The net effect of this dynamic duo is to ensure that you are able to continue to make that neurotransmitter most closely aligned with memory and cognition: acetylcholine.
As you might suspect, in the earliest stages of memory loss, you have an imbalance in your acetylcholine activity that results in increased need for new synthesis of this all-important brain chemical. New acetylcholine is formed through a series of chemical reactions first initiated by L-methyfolate (the type of folate that your brain can utilize) along with methyl-B12 and, in the process, reduces your elevated homocysteine levels.
SLOWING BRAIN DEGENERATION
A logical question arises: how exactly does elevated homocysteine cause memory loss and brain deterioration? The answer to this question is obviously complex but several possible mechanisms have been identified:
- Homocysteine activates a specific brain receptor – NMDA – that has been implicated in many different brain disorders including depression, dementia, Parkinson’s, migraines, epilepsy, and Lou Gehrig’s disease. Some believe that homocysteine is at least as neurotoxic as excess glutamate.
- Activation of the NMDA receptor ultimately leads to nerve cell death.
- Homocysteine causes oxidative stress that accelerates the rate at which you burn through your acetycholine.
- Homocysteine, at the same time, slows down the rate at which you make acetylcholine.
Because of the havoc elevated homocysteine levels can wreak, in addition to combining L-methylfolate and B12, we have added a powerful anti-oxidant and NMDA receptor stabilizer, namely, n-acetyl-cysteine (NAC), to FolaNAC. NAC is one of the most widely studied and used supplements in the field of integrative psychiatry because of its potential effectiveness and its proven safety and tolerability.
In addition to its potent antioxidant properties, NAC lowers homocysteine and prevents nerve cell death.
ONE LAST POINT
Not all folate is created equal. There is a good chance, particularly if you already have early memory loss (or depression for that matter), that the dietary folate you get from green leafy vegetables (you have to eat them first) and the synthetic folic acid that pollutes your multi-vitamin or your B complex, cannot get from your gut/blood past your blood-brain-barrier and into your brain. If it can’t, it won’t reduce your brain homocysteine levels and won’t protect you from cognitive decline.

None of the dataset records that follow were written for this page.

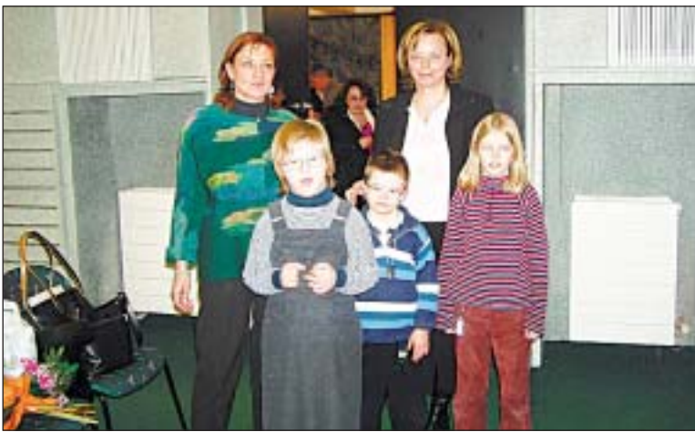
Dokument „Společně ve škole“ se snaží o začlenění dětí s mentálním postižením do společnosti.

„Během příštích dvou let se plánuje natočení v pořadí již třetího dokumentu o dětech s Downovým syndromem, který bude věnován přípravě dětí na nezávislý život. Zkrácenou verzi dokumentu „Společně ve škole“ odvysílá Česká televize koncem března v rámci pravidelného vysílání pořadů se sociální tematikou,“ dodala režisérka a scénářistka dokumentu Olga Strusková. (egr)
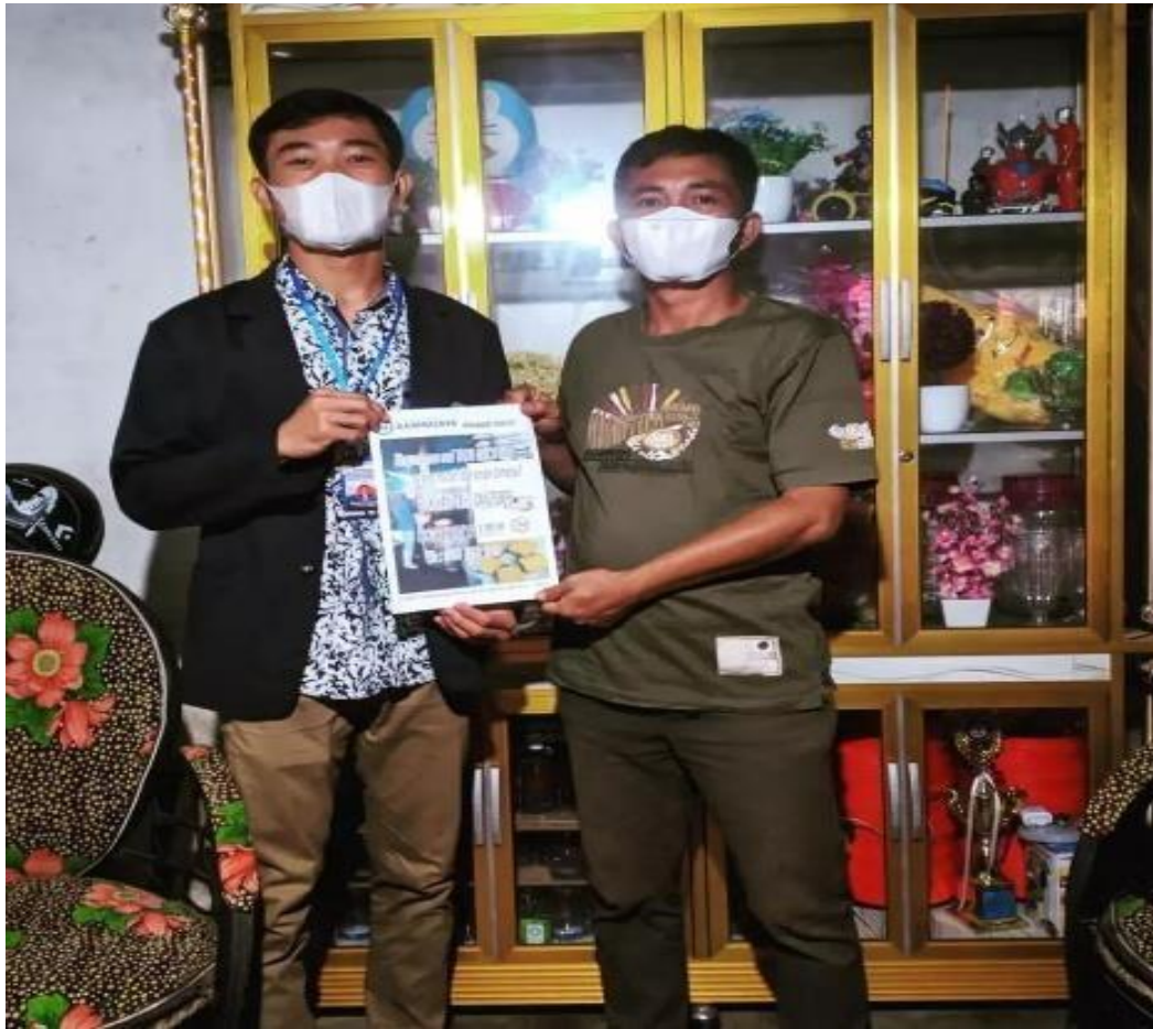
Gambar 2.2 Mencari Mitra Produk Di Warung dan Promosi Ampas Tahu Ke Rumah Warga
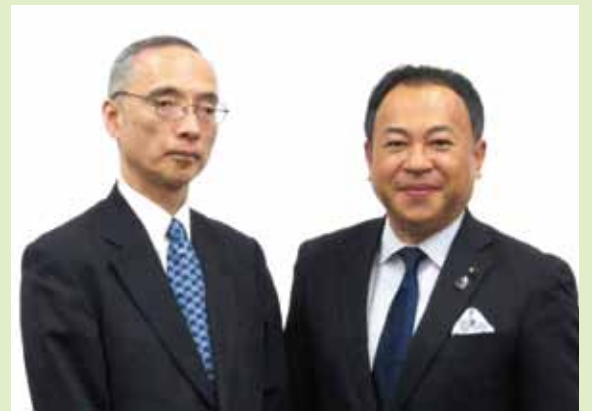
太田充財務省主計局長とは理財局長の頃も含めて、平成30年は4回も面談して要望を伝えました。どの事業でも、予算をどうするかは大きな問題。粘り強いいきます。
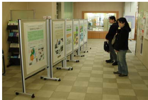
「オオクワガタの棲める 森づくり」のパネル を展示

It is imperative that you take folate in the L-methylfolate form that readily crosses from your systemic circulation into your brain.
A new study published in the Journal of Alzheimer’s Disease
evaluated the effect of a medical food, Cerefolin/CerefolinNAC (CFLN), in patients with HHcy and Alzheimer’s disease or cognitive impairment due to cerebrovascular disease. An earlier study by the same group of researchers demonstrated significantly slower cognitive decline in patients with Alzheimer’s disease and related disorders (ADRD) who were treated for HHcy with CFLN compared to those without HHcy who did not receive CFLN. In that study, slower cognitive decline was observed in learning and memory, constructional praxis, and visual-spatial executive function, and was more significant in patients with milder baseline severity and who were treated with CFLN for at least a year.
I find it ironic how powerfully the organ cartels – heart, lung, endo, kidney, etc. – preach the good word on end-organ protection. For my money, however, the most precious organ is the brain. Protect it at all cost. For when it is gone, you and I are gone. So, you guessed it: I take my FolaNAC…Every Day.